Difficulty: easy
Description: Design a coding contest platform like LeetCode.
Introduction
There is a question bank that stores thousands of programming questions. For each question, users can write, compile and submit code against test cases and get results. User submitted code needs to be persisted. Every week, there is a contest where people compete to solve questions as quickly as possible. Users will be ranked based on their accuracy and speed. We’ll need a leaderboard that shows rankings in real time.
If you prefer a video walkthrough of this problem, you can watch it right here:
Functional Requirements
Core Requirements
-
View Problems: This part is quite straightforward. Users should be able to view a question's description, input/output examples, and constraints. And they should be able to view a list of problems.
-
Submit Solution: Users should be able to solve coding questions by submitting their solution code and running it against built-in test cases to get results.
-
Coding Contest: User can participate in coding contest. The contest is a timed event with a fixed duration of 2 hours consisting of four questions. The score is calculated based on the number of questions solved and the time taken to solve them. The results will be displayed in real time. The leaderboard will show the top 50 users with their usernames and scores.
Out of Scope
- Authentication
- Authorization
- User management
- Contest history
Scale Requirements
- Supporting 10k users participating contests concurrently
- There is at most one contest a day
- Each contest lasts 2 hours
- Each user submits solutions 20 times on average
- Each submission executes 20 test cases on average
- User submitted code have a retention policy of 1 month after which they will be deleted.
- Assuming that the storage space required for the solution of each coding question is 10KB.
- Assuming that the read:write ratio is 2:1.
Non-Functional Requirements
- high availability: the website should be accessible 24/7
- high scalability: the website should be able to handle 10k users submitting code concurrently
- low latency: during a contest, the leaderboard should be updated in real time
- security: user code cannot break server
Resource Estimation
QPS
Assume each user participate one contest a day. Given 10k users participating in a two-hour contenst concurrently, each user submits solutions 20 times on average. Therefore, the total number of writes for a contest is: 10k * 20 = 200k writes
. Assume a read:write ratio of 2:1, the total number of read requests for a contest is: 200k * 2 = 400k reads
. This comes to 200k / (2 * 3600s) ≈ 25 QPS
, a manageable number.
Storage
Assuming about 100 lines of code per problem, we roughly estimate each submission is about 10KB in size for verbose languages including the driver code and test outputs. With users submitting 20 times per day, after one month, the total storage for user solutions is: 10k * 20 * 10KB * 30 ≈ 6GB
. This is a very manageable number.
Check out how QPS influences system design for more details on what we would need to handle the load.
API Endpoints
GET /problems?start={start}&end={end}
Get problems in a range.
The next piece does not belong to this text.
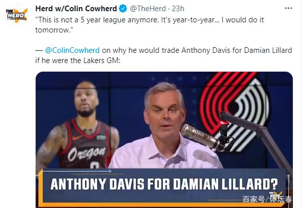 对于这笔交易,NBA分析师科林-考赫德认为,为了得到利拉德,湖人应该毫不犹豫地将戴维斯交易到开拓者,并表示这对他来说是一个根本不需要考虑的问题。因为,利拉德是另一个可以长时间打球的球员,而且湖人可以更多地依靠他来完成球队的进攻,而浓眉哥则完全无法做到这一点。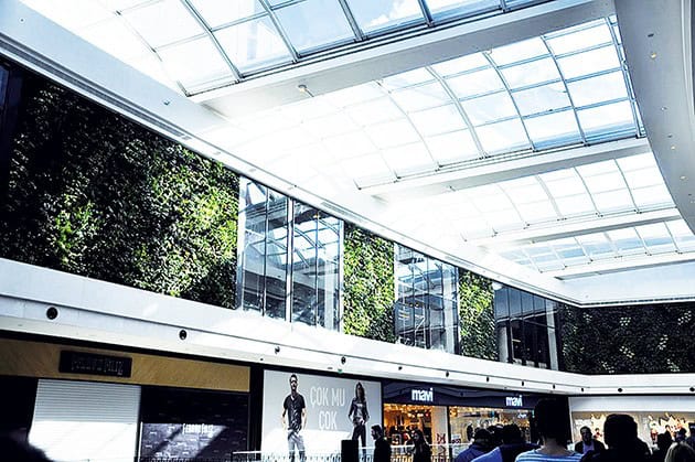 Bir boşluğun etrafında tekrarlanan zeminleriyle alışılagelmiş alışveriş merkezi mimarisinin aksine; dükkanlar, restoranlar ve eğlence alanlarını üç farklı temadan oluşan ana caddeden oluşturduk. Projede uygulanan ve yağmurlu günlerde bir kaç dakikada açılıp kapanabilen hareketli cam tavan sistemi ziyaretçilere yılın büyük bir kısmında açık havada alış veriş yapabilme imkanı tanıyor.

If start and end are not provided, get all problems with default page size.
Response Body:
{ problems: [ { id: string, title: string, difficulty: string } ] }
GET /problems/{problem_id}
Get problem details, including description, constraints, examples, and starter code.
Response Body:
{ id: string title: string difficulty: string description: string constraints: string examples: [{ input: string output: string }] starter_code: { language: string code: string } }
POST /problems/{problem_id}/submission
Submit code for a problem and get results.
Request Body:
{ user_id: string code: string language: string }
Response Body:
{ status: success | fail test_cases: [ { status: success | fail | timeout } ] }
GET /contests/{contest_id}/leaderboard
Get leaderboard for a contest.
Response Body:
{ ranking: [ { user_id: string, score: number } ] }
High Level Design
1. View Problems
This part is quite straightforward. Users should be able to view a question's description, input/output examples, and constraints. And they should be able to view a list of problems.
The design for viewing problems uses a standard three-tier architecture:
- Client: Frontend application sending HTTP GET requests
- Problems Service: Backend service with endpoints:
GET /problems?start={start}&end={end}
: List problemsGET /problems/{id}
: Get specific problem details
- Database: Stores problem data (id, title, description, difficulty, examples, constraints)
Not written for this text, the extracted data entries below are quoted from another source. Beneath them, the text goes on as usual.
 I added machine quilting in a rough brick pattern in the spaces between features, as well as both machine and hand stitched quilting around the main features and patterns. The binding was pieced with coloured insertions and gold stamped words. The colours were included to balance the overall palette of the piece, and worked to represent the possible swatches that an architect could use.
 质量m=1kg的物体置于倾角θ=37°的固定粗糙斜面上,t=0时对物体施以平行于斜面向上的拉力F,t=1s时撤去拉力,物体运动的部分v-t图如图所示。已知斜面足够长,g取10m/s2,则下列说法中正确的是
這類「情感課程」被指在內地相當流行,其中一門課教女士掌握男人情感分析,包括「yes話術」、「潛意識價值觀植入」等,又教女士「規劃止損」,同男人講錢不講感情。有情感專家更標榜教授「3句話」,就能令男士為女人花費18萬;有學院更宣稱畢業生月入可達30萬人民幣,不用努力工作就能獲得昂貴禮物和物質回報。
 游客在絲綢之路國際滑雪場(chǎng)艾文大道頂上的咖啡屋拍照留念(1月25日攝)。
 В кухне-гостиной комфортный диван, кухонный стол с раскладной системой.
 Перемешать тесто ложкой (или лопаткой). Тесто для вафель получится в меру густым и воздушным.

This simple setup efficiently handles problem viewing requests while maintaining separation of concerns.
2. Submit Solution
Users should be able to solve coding questions by submitting their solution code and running it against built-in test cases to get results.
To design the code evaluation flow for our LeetCode-like platform, we need to consider the high concurrency requirement of 10,000 users participating in contests simultaneously, each submitting solutions about 20 times on average. This is a classic use case using our design template.
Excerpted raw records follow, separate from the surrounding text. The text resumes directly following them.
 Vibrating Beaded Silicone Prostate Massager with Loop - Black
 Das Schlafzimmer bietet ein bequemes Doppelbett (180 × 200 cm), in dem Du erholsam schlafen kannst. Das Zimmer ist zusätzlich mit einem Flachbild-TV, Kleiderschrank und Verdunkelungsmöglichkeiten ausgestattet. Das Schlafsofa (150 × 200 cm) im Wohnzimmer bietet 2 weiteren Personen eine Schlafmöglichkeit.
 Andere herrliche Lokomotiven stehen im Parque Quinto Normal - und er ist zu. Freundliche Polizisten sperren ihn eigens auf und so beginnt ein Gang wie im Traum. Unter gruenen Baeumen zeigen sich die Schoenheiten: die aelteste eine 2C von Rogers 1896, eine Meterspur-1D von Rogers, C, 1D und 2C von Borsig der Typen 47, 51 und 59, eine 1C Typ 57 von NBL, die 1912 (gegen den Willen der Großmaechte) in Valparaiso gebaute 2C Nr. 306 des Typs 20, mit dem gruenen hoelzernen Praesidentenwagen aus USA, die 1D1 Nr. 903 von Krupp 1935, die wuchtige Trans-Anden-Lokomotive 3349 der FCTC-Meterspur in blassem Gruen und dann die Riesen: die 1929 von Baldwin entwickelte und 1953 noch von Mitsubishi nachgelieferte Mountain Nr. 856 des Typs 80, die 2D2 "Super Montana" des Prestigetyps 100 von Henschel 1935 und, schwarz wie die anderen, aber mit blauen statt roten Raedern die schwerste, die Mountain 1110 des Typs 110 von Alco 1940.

We use a Code Evaluation Service as the entry point for code submissions. This service will be responsible for receiving code from users and initiating the evaluation process. However, to handle the high volume of submissions efficiently and securely, we introduce a Message Queue as a buffer between the submission process and the actual code execution.
Note that most system design questions requires microservices. For a simpler problem like this, we can use a single service to handle both problem service and code evaluation. However, code submission can be compute heavy and we do not want to bring down the entire service when handling a large number of submissions. Therefore, we opt to separate the two services.
When a user submits a solution, the Code Evaluation Service pushes a message containing the submission details (user ID, problem ID, and code) to the Message Queue. This decouples the submission process from the execution process, allowing us to handle traffic spikes more effectively.
On the other side of the Message Queue, we have multiple Code Execution Workers. These workers continuously poll the queue for new submissions. When they receive a message, they fetch the necessary test cases from the Problems database, execute the code in a sandboxed environment, and record the results. Let's compare different execution options for the sandbox environment:
Code Execution Options
API Server
Direct execution on the API server
How it works:
The user-submitted code is directly executed on the same server that hosts the API. The code is typically saved as a file on the server's filesystem and then run using the appropriate interpreter or compiler.
Pros:
- Simple to implement
- Low latency as there's no additional layer between the API and code execution
Cons:
- Severe security risks: Malicious code can potentially access or modify server data
- Poor isolation: A bug in user code could crash the entire server
- Resource management issues: One user's code could consume all server resources
Conclusion:
Not suitable for running user-submitted code. The security and stability risks far outweigh the simplicity benefits.
We will choose Container (Docker) over serverless functions for the faster startup time and less vendor lock-in.
To ensure security and isolation, each submission runs in a separate container, preventing malicious code from affecting our system or other users' submissions. We can use technologies like Docker for this purpose.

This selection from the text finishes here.